The output should be the listing below, limited to the lines from the one with "杨宁欣同学演讲后,在第十五届" through the one with "Екологичните мотиви сега", exact and without pictures.
--- START ---
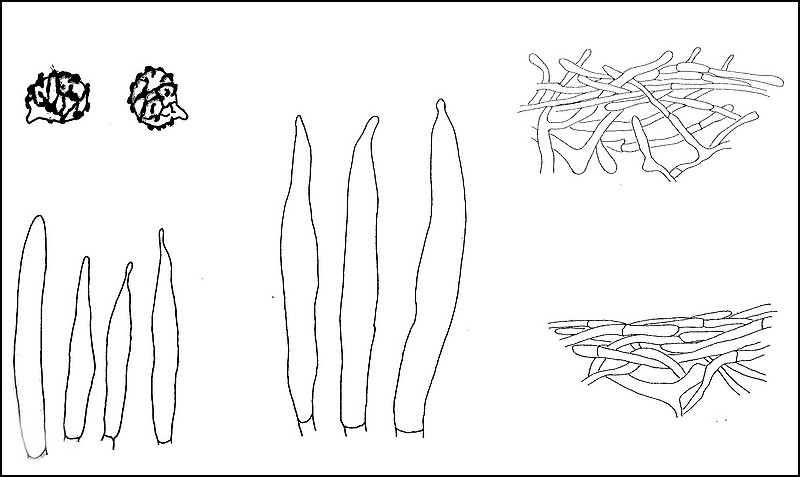 Nun zu den Sporen. Sie sind subglobos bis breit ellipsoid und besitzen ein stark amyloides Ornament. Dieses Ornament ist bis zu 0,5 µm hoch (maximal 0,7 µm), warzig-gratig, wobei das Ornament fast vollständige Netze bildet. Der Hilarfleck färbt sich bei unserer Art mit Melzers Reagenz nicht an. er ist also inamyloid.
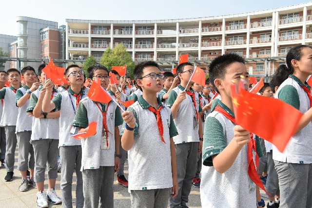 杨宁欣同学演讲后,在第十五届学生会同学的带领下,全体中小学生共同高声齐诵了《少年中国说》节选,初中部自管会主席、校长奖学金二等奖获得者初二(5)班魏良辰同学向全校同学发出《少年报国我行动》倡议书。扬子晚报有限公司总经理助理、扬子晚报少年志工作室主任王璟女士与我校党总支书记、校长张士民老师共同为我们揭晓了我校小学部献礼新中国成立70周年艺术作品。这副作品题为《我眼中的祖国》,以小学部同学们的部分优秀摄影作品组成中国地图。在这一张张的图片中,我们看到祖国的壮丽山河,也感受到同学们按下快门的那一瞬间,所流露出的对祖国真挚的爱!
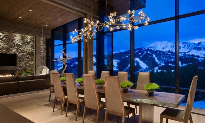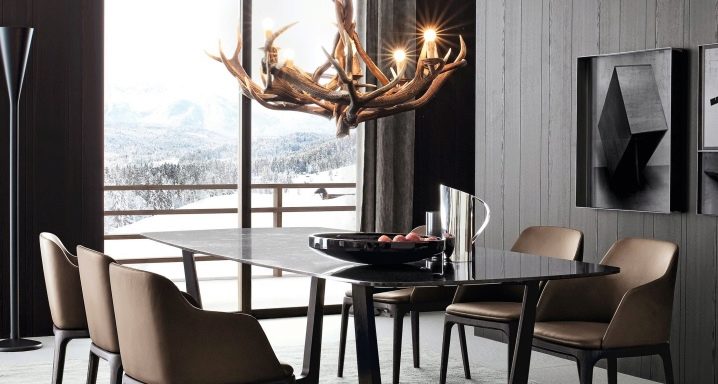 Екологичните мотиви сега са на мода, така че много хора предпочитат да изоставят класическите форми в полза на необичайните. Този дизайн на лампата едновременно прилича на голите клони на дърво и рогата на някое животно. Изборът на крушки също е забележителен: не се използват традиционни лампи, а се правят под формата на свещи.
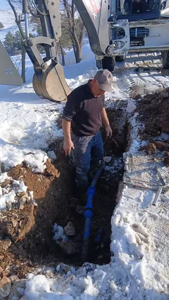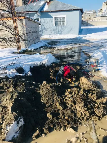 Soğuk hava koşullarına rağmen İçme Suları Dairesi Başkanlığı ekiplerinin titiz çalışmalarıyla mahalle sakinlerinin içme suyu ihtiyacı yeniden güvenli ve sağlıklı bir şekilde karşılanmaya başlandı.
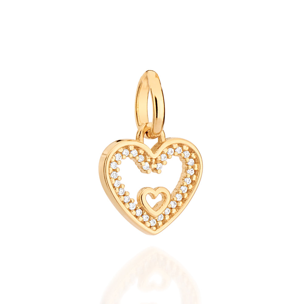 Gold plated pendant in the shape of a heart studded by twenty seven white zirconias measuring 0.8mm each. size: 1.7cm x 1.2cm.
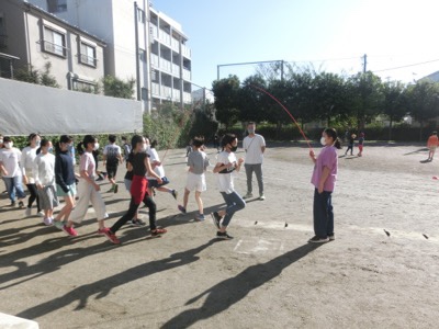 その横では、10月24日の「長縄グランプリ」に向けて練習が行われていました。今年の「長縄グランプリ」はコロナの影響で6年生限定の大会になります。
--- END ---
> **PROBLEM SOLUTION**:
 杨宁欣同学演讲后,在第十五届学生会同学的带领下,全体中小学生共同高声齐诵了《少年中国说》节选,初中部自管会主席、校长奖学金二等奖获得者初二(5)班魏良辰同学向全校同学发出《少年报国我行动》倡议书。扬子晚报有限公司总经理助理、扬子晚报少年志工作室主任王璟女士与我校党总支书记、校长张士民老师共同为我们揭晓了我校小学部献礼新中国成立70周年艺术作品。这副作品题为《我眼中的祖国》,以小学部同学们的部分优秀摄影作品组成中国地图。在这一张张的图片中,我们看到祖国的壮丽山河,也感受到同学们按下快门的那一瞬间,所流露出的对祖国真挚的爱!
 Екологичните мотиви сега са на мода, така че много хора предпочитат да изоставят класическите форми в полза на необичайните. Този дизайн на лампата едновременно прилича на голите клони на дърво и рогата на някое животно. Изборът на крушки също е забележителен: не се използват традиционни лампи, а се правят под формата на свещи.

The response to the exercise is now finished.